As Pelosi established a new vision for House leadership, she did so with careful attention to detail. She has worn black on somber days and white as a nod to suffragists when she wants to make a silent protest. When she needs to assert authority, she adorns her lapel with a pin that is a miniature of the speaker’s mace with the eagle of justice on top. And no matter how long the workday or how many hours Pelosi spent whipping votes, her hair is never out of place, and her lipstick is never smudged.
Maybe these details and her appearance shouldn’t matter, but they do. Studies overwhelmingly show that women’s appearances affect how their colleagues view their work at much higher rates than their male counterparts.
In the same vein, Pelosi has struck a precarious balance between too tough and too weak. Colleagues have revealed that she keeps two items in her office — Ghirardelli chocolates on her desk and a stack of baseball bats signed by the San Francisco Giants. The items reflect pride in the businesses located in her home district, but they also subtly nod to her leadership approach.
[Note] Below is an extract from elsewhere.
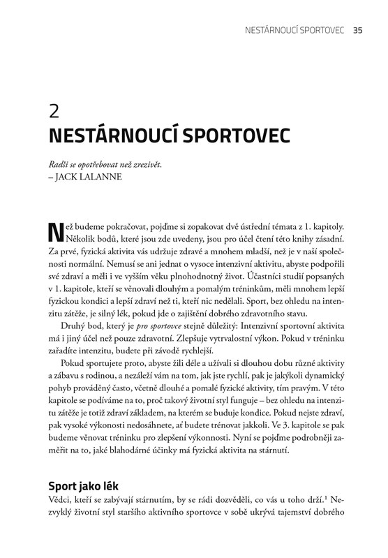 Stárnutí nemusí nutně znamenat, že musíte zpomalit. Známý americký sportovní vědec a trenér Joe Friel na základě nejnovějších výzkumů a praktických zkušeností z práce s nespočtem úspěšných sportovců ve všech věkových kategoriích vysvětluje, jak si sportovci mohou udržet kondici a úspěšně závodit i po padesátce. Jeho čtenáři se podrobně dozvědí, jak musí změnit svůj trénink, aby se obrnili proti účinkům stárnutí a prodloužili si tak kariéru o desítky let a nadále dosahovali vítězství, skvělých časů a umístění.

Not all of Pelosi’s predecessors in recent memory have employed the same nuanced approach. For example, in 1995, Newt Gingrich, one of the most impactful speakers in history (for better or worse), seized power by brow-beating his enemies and allies into submission. He broke almost every political norm, embraced gridlock and consolidated control by dominating C-SPAN coverage of congressional speeches.
As unfair as it may be, these bombastic tactics wouldn’t work for a woman. Pelosi would likely be called angry, irrational and emotional and wouldn’t be able to get anything done. Instead, she keeps her caucus in line through careful hand-holding, listening, compromise, the occasional chocolate and permitting targeted defections. For example, in 2019, Pelosi and Democratic Rep. Ilhan Omar went on a diplomatic trip to Ghana just days after Omar voted against Pelosi’s immigration bill. The next year, Pelosi endorsed Omar for re-election, despite repeated clashes over policies.
But the threat of the bat, so to speak, also remains. In December 2019, the House of Representatives passed articles of impeachment against then-President Donald Trump. As she banged the gavel, a few Democrats began to cheer. She glanced in their direction and, with a quick flick of her hand, silenced any applause. This moment was dark, not a time for celebration, and her members quickly received the message.
This careful balance was revealed in the Jan. 6 footage as well. On calls with the Chairman of the Joint Chiefs of Staff Mark Milley and then-Virginia Gov. Ralph Northam, she was polite and measured. Yet, she also didn’t accept any excuses. When Department of Defense officials suggested they didn’t have the authority to act, she said, “Pretend it’s the Pentagon or White House under siege.”
However, she also held her tongue when the task required it. A later clip captured Pelosi saying she hoped Donald Trump did travel to the Capitol so she could “punch him out.” She likely had similar sentiments for her Republican colleagues, many of whom had tolerated or encouraged Trump’s Big Lie and efforts to overturn the election. It is possible she shared those thoughts later. But in the moment of crisis, she put aside partisan differences in the interest of national security.
As she steps down from her leadership role, her unique status as the first female speaker, especially at moments of extreme peril, should not be overlooked. She not only established a precedent for the women that will follow, but she also accomplished more during her tenure than almost anyone who came before — and arguably under more difficult circumstances. That part of her story must not be forgotten.